Hidden in the labyrinth of the Benga environmental impact assessment report for the proposed Grassy Mountain mine is a cryptic note on the analysis of selenium in the flesh of trout from Gold and Blairmore creeks. Selenium concentrations in the trout were significantly higher than those adopted by both B.C. and Alberta to protect fish populations from collapse. This is despite the fact selenium concentrations in these streams were lower than guidelines. This never came up in the Joint Review Panel hearing, although there was evidence enough to dam the project.

Contamination of fish isn’t restricted to the Crowsnest watershed. Evidence from other watersheds with coal strip mines shows similar results for elevated selenium concentrations in fish, including the coal industry’s much-promoted reclaimed mine pit lakes.

This isn’t restricted to fish. Bighorn sheep living on reclaimed coal mines in the coal branch of Alberta have selenium concentrations in their tissue higher than any other place in North America.

Native cutthroat trout used to exist in East Crowsnest Creek and the headwaters of Crowsnest Creek, beneath the Tent Mountain coal mine. Very high selenium concentrations from the mine spoil, coupled with excessive sediment loadings to these streams are implicated in trout disappearance.

The selenium guideline values adopted by past B.C. and Alberta governments were not proposed by armchair eco-terrorists. They were developed after multiple fish populations collapsed after exceeding these values. They are a warning – there is a limit to the amount of selenium pollution fish populations can absorb before they disappear.

Trout aren’t just the quarry for a few anglers. They speak to us about the impacts of coal mining. Trout form our distant early warning indicators and are the bellwethers of danger. To ignore their message is to ignore our peril.

A fundamental message from the selenium contamination of trout is we need to look beyond what is found in the water to how it bioaccumulates up the food chain to levels of significant health concern. It wouldn’t hurt to remember that we are at the top of the food chain.

Yes, these are some of the things to mine in our deliberations over coal mining in the Eastern Slopes. We might also reflect on the misinformation and distortion from congenital corporations. There are municipal councillors with their eyes firmly fixed in the rear-view mirror of time and coated in the fairy dust of illusionary economic benefits.
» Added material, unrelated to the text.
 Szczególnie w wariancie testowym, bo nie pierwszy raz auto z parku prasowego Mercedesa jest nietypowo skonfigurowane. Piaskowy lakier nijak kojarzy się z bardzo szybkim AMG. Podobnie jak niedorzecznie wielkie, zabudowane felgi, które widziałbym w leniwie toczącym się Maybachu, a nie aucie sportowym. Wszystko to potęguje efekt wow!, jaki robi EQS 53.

Overseeing this is an arms-length regulator manipulated by political puppet masters.

Arrayed against this are the clearly articulated wishes of the majority of Albertans who are passionate about a mine-free Eastern Slopes. Alberta recently went through a review of coal policy by an independent panel. This panel was responsible for the public engagement process to define a path forward for coal. Their recommendations have yet to be implemented.
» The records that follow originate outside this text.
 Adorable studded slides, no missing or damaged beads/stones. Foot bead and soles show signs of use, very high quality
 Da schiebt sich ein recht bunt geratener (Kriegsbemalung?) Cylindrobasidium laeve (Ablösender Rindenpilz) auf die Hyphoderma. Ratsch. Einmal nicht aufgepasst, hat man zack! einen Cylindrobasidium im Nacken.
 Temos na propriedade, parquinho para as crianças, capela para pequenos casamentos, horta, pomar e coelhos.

Lastly, we have recently witnessed from the Minister of Energy and Minerals Brian Jean, a muddled, barely coherent clarification of coal policy to the Alberta Energy Regulator (AER). The letter was issued amid an ongoing AER hearing into a coal exploration application, and it opens a question of whether Jean was trying to fetter that process.
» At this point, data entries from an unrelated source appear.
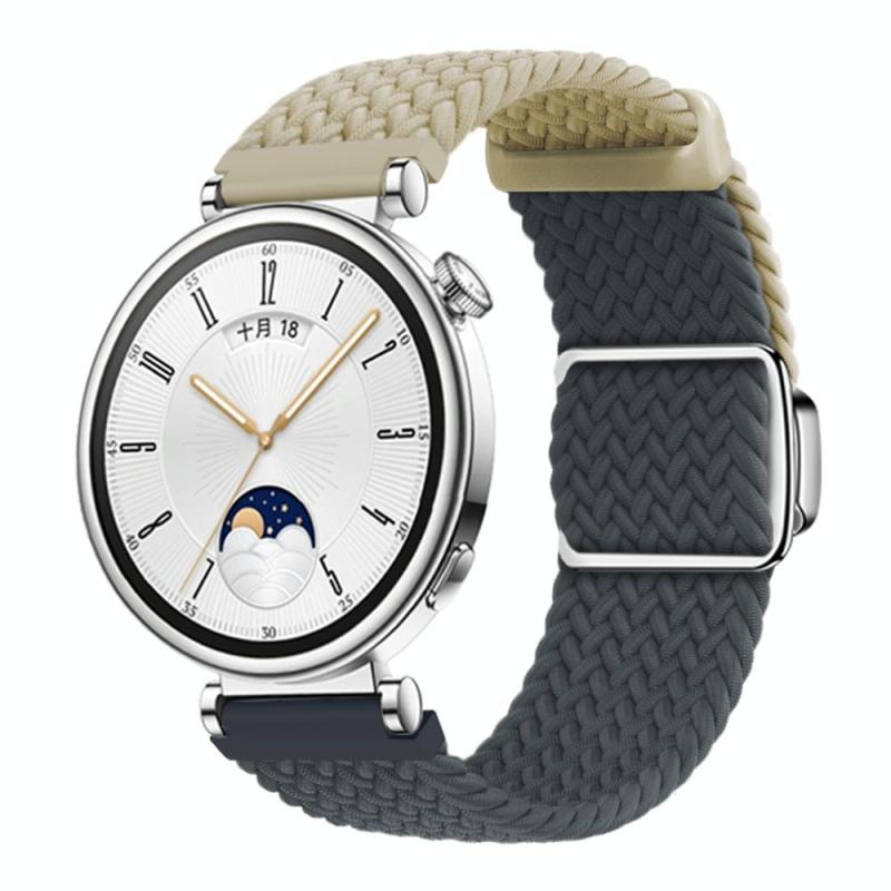 Λουράκι Ρολογιού 18mm με Πλεκτό Σχέδιο & Μαγνητικό Κούμπωμα Ασημί (Μπεζ Βαθύ Μπλε)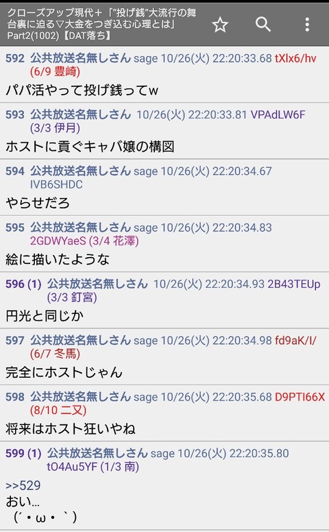 ホーム > ニュースetc > 【画像】ここ最近男性配信者に投げ銭をする女性が急増、社会問題に 入院をする人も 2021/12/26 1:風吹けば名無し:2021/12/26(日) 14:56:07.00 ID:YeNPDS7p0.net ソースはNHK 反応 2:風吹けば名無し:2021/12/26(日) 14:56:38.58 ID:YeNPDS7p0.net もう終わりだよこの世の中 続きを読む Source: ラビット速報 - ニュースetc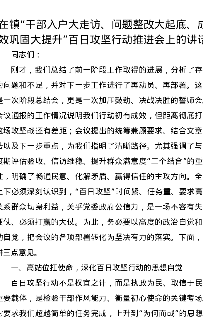 在镇干部入户大走访、问题整改大起底、成效巩固大提升百日攻坚行动推进会上的讲话
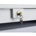 A: A lockable drawer is included for safely storing documents or equipment.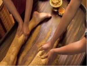 Massage with herbal powder preceded by an oil therapy. This massage involves upward stroking of the herbal powder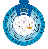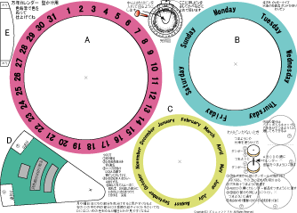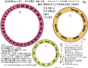 日本語 英語 両方あり つくりやすい万年カレンダーです 毎日 回して日や曜日をあわせていくので 今日 1日を意識しやすいです カラー版とモノクロ版あり 大きさ 直径 約15㎝ 英語と日本語両方あります |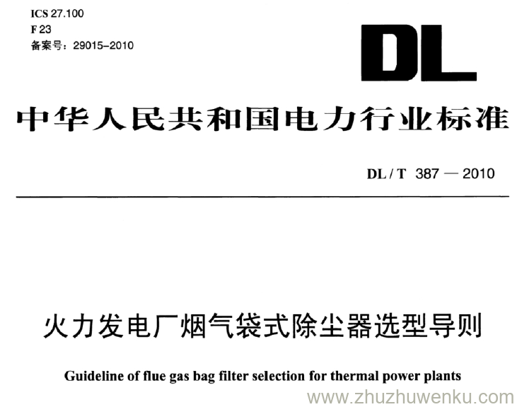 DL/T 387-2010 pdf下载 火力发电厂烟气袋式除尘器选型导则。Guideline of flue gas bag filter selection for thermal power plants.

Jean’s retreat from the wishes of Albertans effectivity winds the clock back, reinstates exploration permits, opens up new exploration, including construction of new roads that will erode for years. Nothing else has changed, including the continual leaching of selenium into East Slope rivers, no timely, effective reclamation of coal exploration roads and Albertan’s frustration with the intransigence and lack of spine of the UCP government.

Utah Phillips was a folk singer and philosopher who once said, “The Earth is not dying – it is being killed. And the people who are killing it have names and addresses.” If it isn’t evident by now, the names of the UCP government are writ large on this public policy failure to protect the Eastern Slopes.


Lorne Fitch is a professional biologist, a retired Fish and Wildlife biologist and a past adjunct professor with the University of Calgary. He is the author of Streams of Consequence: Dispatches From the Conservation World and Travels Up the Creek: A Biologist’s Search for a Paddle.